Aim. The aim of this study was to establish the effective role of CT in the diagnosis of low back pain, and whether CT features correlate with clinical signs and symptoms.
Methods. Two thousand and twelve consecutive patients, of which 866 males and 1 146 females, aged 22 to 91 years, affected by generic painful back, have been studied in the period between January 2000 and October 2002. Volumetric CT of the lumbo-sacral column was performed on all the patients, employing a Philips Tomoscan SR 7000 (Eindhoven, The Netherlands). Sections of 3 mm in thickness were obtained, employing window and level of window both for bone and soft tissues. Contrast medium was not injected.
Results. Regarding the distribution of lesions, 172 males were affected by one, 586 from 2 to 4, 102 more than 4 lesions; 6 subjects were without. On the contrary, 196 females had a single lesion, 611 from 2 to 4, 331 more than 4 and 8 did not have any one. In females, the age group most involved is encompassed between 51 and 80 years; the more frequent alterations, in decreasing order, were: bulging disc, synovial facet syndrome, disc herniation and vacuum phenomenon. In males incidence age related and frequency of various pathologies were overlapped to that observed in females; however the incidence of disc herniation in males is greatest between 41 to 50 years.

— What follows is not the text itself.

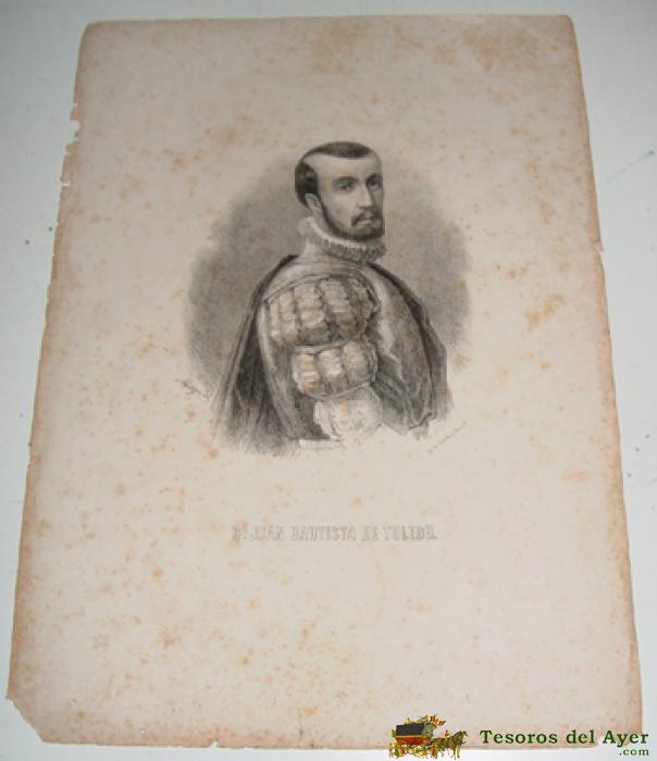 ANTIGUA LITOGRAFIA - D. JUAN BAUTSITA DE TOLEDO - APROX. 1850, LIT DE RONCHI Y CíA.- MIDE 33,5 X 23,5 CMS. TAL COMO SE VE EN LAS 2 FOTOS QUE HEMOS SACADO

Conclusion. Low back pain, with or without radiation to the sciatic and femoral nerves, is one of the most common diseases, involving approximately 2/3 of the adult population sooner or later in life. Anatomically the center of pain is the lumbar column (from L3 to L5), the lumbo-sacral junction, the sacrum, the sacro-iliac joints, and the sacral-coccygeal region. Generally, it is a benign syndrome; however, since a pathologic condition is recognized in 15% of cases, then this condition must always be diagnosed. The list of events producing lumbar pain seems to be endless: therefore differential diagnosis must be based on appropriate anatomic and etiologic factors, also considering that pathogenesis (due to mechanical, compression, inflammatory, and neuropathic factors) is directly influenced by social and psychologic factors. Initially a conventional X-ray was used for the diagnosis of images, subsequently, arthrography and myelography were used; today CT is useful in the detection of bone and soft tissue structures, especially using multiplanar reformatted images. It is a noninvasive procedure that usually reveals the cause of radicular compression and demonstrates lateral and intraforaminal pathologic condition well. MRI represents the last technical development. The characteristics of all these techniques are such as to achieve a full diagnosis. Their reconciled use is in relation to the current clinical question, and it also depends on various considerations, not only technical matters, but availability of equipment and costs too, even if conventional radiography must always precede every other survey.